Dataset section start

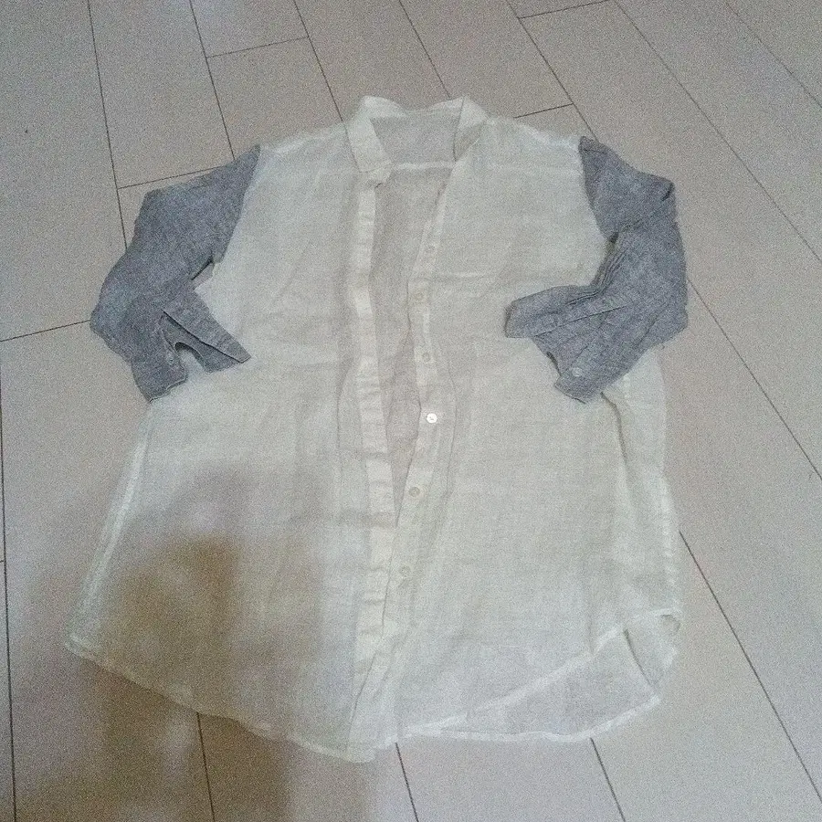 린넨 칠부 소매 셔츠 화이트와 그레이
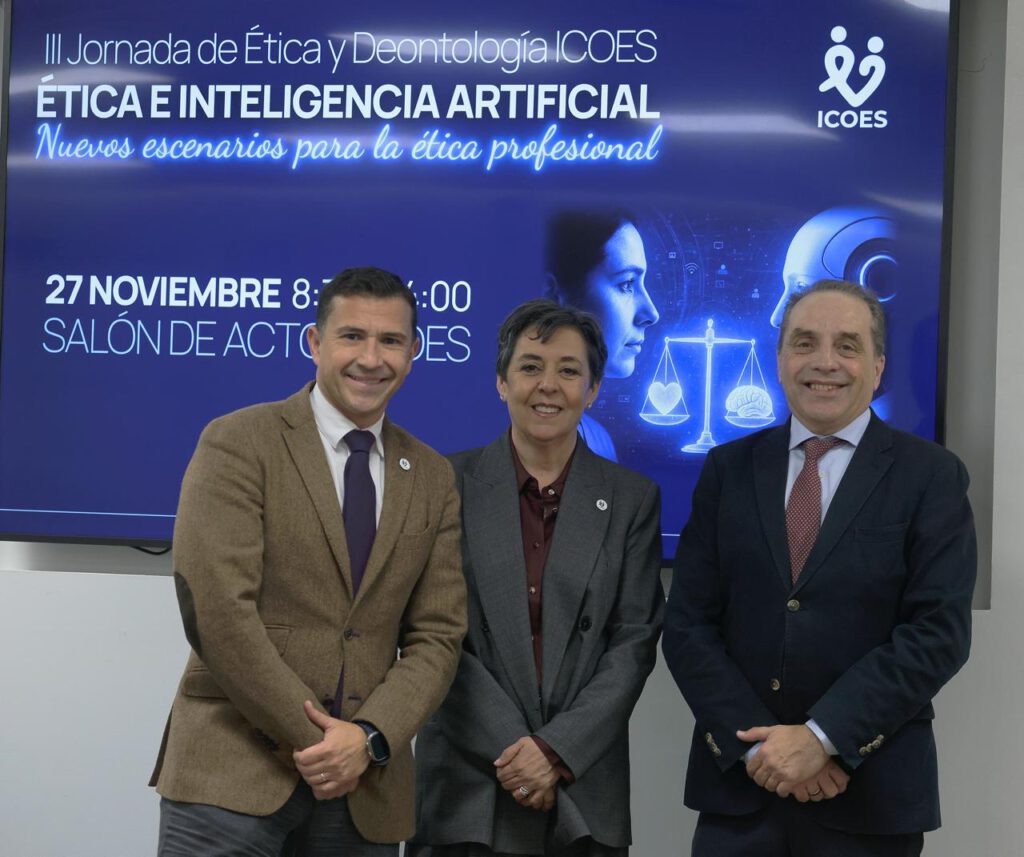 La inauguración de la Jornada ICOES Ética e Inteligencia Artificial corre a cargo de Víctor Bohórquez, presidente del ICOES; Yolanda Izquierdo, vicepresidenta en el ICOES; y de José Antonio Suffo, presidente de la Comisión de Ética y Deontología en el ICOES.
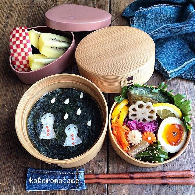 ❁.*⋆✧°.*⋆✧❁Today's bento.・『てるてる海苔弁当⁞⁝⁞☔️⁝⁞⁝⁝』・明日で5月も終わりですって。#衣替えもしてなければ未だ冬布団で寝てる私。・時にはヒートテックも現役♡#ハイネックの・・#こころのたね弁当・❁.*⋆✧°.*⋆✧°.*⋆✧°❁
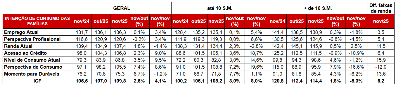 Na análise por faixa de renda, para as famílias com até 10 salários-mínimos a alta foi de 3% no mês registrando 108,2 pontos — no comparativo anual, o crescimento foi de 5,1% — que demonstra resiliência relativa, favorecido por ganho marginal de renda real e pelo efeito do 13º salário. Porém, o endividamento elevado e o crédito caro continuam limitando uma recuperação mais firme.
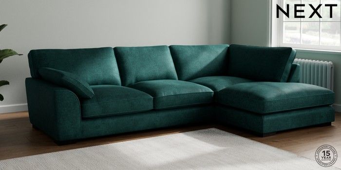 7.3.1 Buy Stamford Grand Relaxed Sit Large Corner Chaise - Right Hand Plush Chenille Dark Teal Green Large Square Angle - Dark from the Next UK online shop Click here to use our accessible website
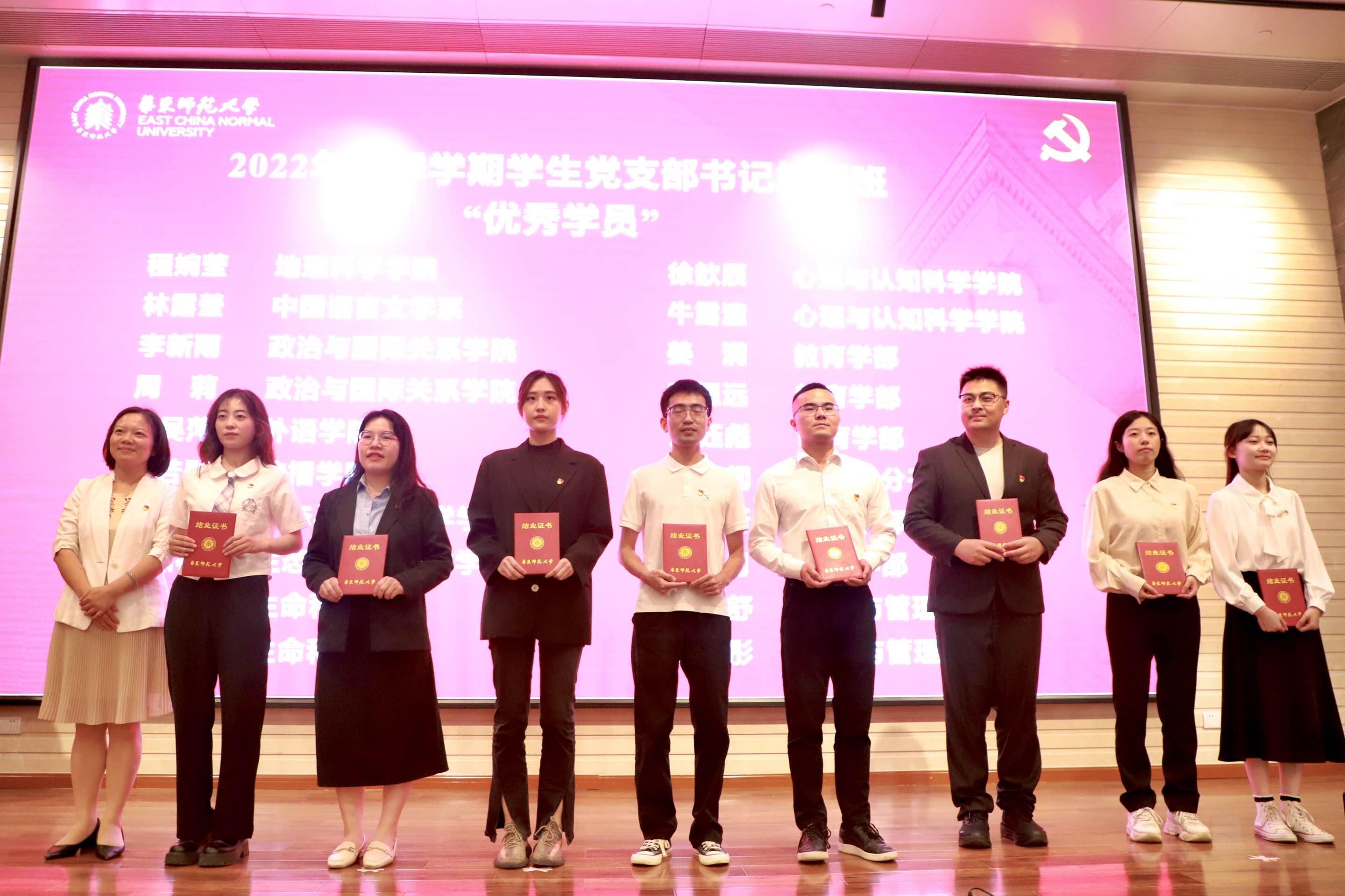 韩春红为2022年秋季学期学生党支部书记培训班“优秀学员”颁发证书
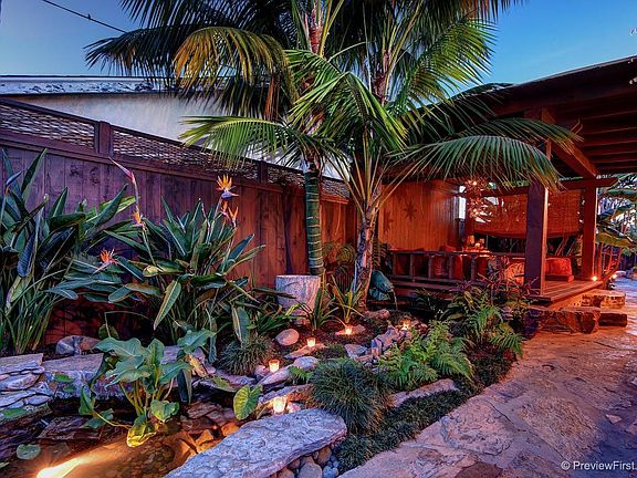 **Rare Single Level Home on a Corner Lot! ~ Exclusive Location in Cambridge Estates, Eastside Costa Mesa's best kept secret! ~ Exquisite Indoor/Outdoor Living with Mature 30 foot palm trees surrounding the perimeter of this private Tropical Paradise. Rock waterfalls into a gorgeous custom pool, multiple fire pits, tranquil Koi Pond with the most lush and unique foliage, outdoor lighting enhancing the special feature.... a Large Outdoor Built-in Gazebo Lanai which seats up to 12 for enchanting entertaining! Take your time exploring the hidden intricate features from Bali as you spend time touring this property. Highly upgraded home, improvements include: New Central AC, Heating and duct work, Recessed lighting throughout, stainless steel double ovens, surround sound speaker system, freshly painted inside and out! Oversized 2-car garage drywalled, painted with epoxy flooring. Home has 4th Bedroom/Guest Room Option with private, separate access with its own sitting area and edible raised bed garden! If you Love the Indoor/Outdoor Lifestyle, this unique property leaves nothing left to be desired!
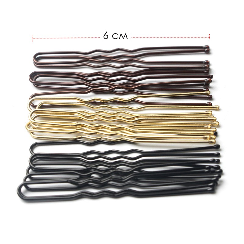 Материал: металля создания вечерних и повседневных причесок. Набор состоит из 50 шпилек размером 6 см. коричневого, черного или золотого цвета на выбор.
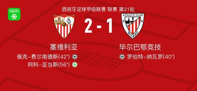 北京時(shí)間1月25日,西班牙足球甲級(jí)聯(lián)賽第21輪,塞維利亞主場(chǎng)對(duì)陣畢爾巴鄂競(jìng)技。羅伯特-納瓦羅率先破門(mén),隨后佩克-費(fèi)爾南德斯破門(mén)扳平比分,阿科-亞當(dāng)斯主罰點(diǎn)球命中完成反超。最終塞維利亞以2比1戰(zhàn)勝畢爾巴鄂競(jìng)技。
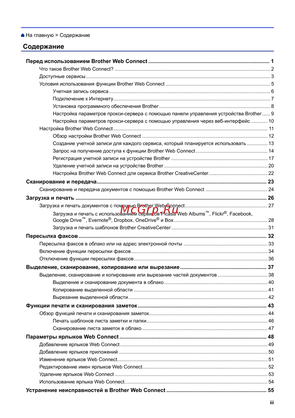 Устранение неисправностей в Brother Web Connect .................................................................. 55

Dataset section end

→ **Exercise directions**: Each entry, start to finish, goes into your copy exactly; the pictures stay out.

→ **Response below**:
 린넨 칠부 소매 셔츠 화이트와 그레이
 La inauguración de la Jornada ICOES Ética e Inteligencia Artificial corre a cargo de Víctor Bohórquez, presidente del ICOES; Yolanda Izquierdo, vicepresidenta en el ICOES; y de José Antonio Suffo, presidente de la Comisión de Ética y Deontología en el ICOES.
 ❁.*⋆✧°.*⋆✧❁Today's bento.・『てるてる海苔弁当⁞⁝⁞☔️⁝⁞⁝⁝』・明日で5月も終わりですって。#衣替えもしてなければ未だ冬布団で寝てる私。・時にはヒートテックも現役♡#ハイネックの・・#こころのたね弁当・❁.*⋆✧°.*⋆✧°.*⋆✧°❁
 Na análise por faixa de renda, para as famílias com até 10 salários-mínimos a alta foi de 3% no mês registrando 108,2 pontos — no comparativo anual, o crescimento foi de 5,1% — que demonstra resiliência relativa, favorecido por ganho marginal de renda real e pelo efeito do 13º salário. Porém, o endividamento elevado e o crédito caro continuam limitando uma recuperação mais firme.
 7.3.1 Buy Stamford Grand Relaxed Sit Large Corner Chaise - Right Hand Plush Chenille Dark Teal Green Large Square Angle - Dark from the Next UK online shop Click here to use our accessible website
 韩春红为2022年秋季学期学生党支部书记培训班“优秀学员”颁发证书
 **Rare Single Level Home on a Corner Lot! ~ Exclusive Location in Cambridge Estates, Eastside Costa Mesa's best kept secret! ~ Exquisite Indoor/Outdoor Living with Mature 30 foot palm trees surrounding the perimeter of this private Tropical Paradise. Rock waterfalls into a gorgeous custom pool, multiple fire pits, tranquil Koi Pond with the most lush and unique foliage, outdoor lighting enhancing the special feature.... a Large Outdoor Built-in Gazebo Lanai which seats up to 12 for enchanting entertaining! Take your time exploring the hidden intricate features from Bali as you spend time touring this property. Highly upgraded home, improvements include: New Central AC, Heating and duct work, Recessed lighting throughout, stainless steel double ovens, surround sound speaker system, freshly painted inside and out! Oversized 2-car garage drywalled, painted with epoxy flooring. Home has 4th Bedroom/Guest Room Option with private, separate access with its own sitting area and edible raised bed garden! If you Love the Indoor/Outdoor Lifestyle, this unique property leaves nothing left to be desired!
 Материал: металля создания вечерних и повседневных причесок. Набор состоит из 50 шпилек размером 6 см. коричневого, черного или золотого цвета на выбор.
 北京時(shí)間1月25日,西班牙足球甲級(jí)聯(lián)賽第21輪,塞維利亞主場(chǎng)對(duì)陣畢爾巴鄂競(jìng)技。羅伯特-納瓦羅率先破門(mén),隨后佩克-費(fèi)爾南德斯破門(mén)扳平比分,阿科-亞當(dāng)斯主罰點(diǎn)球命中完成反超。最終塞維利亞以2比1戰(zhàn)勝畢爾巴鄂競(jìng)技。
 Устранение неисправностей в Brother Web Connect .................................................................. 55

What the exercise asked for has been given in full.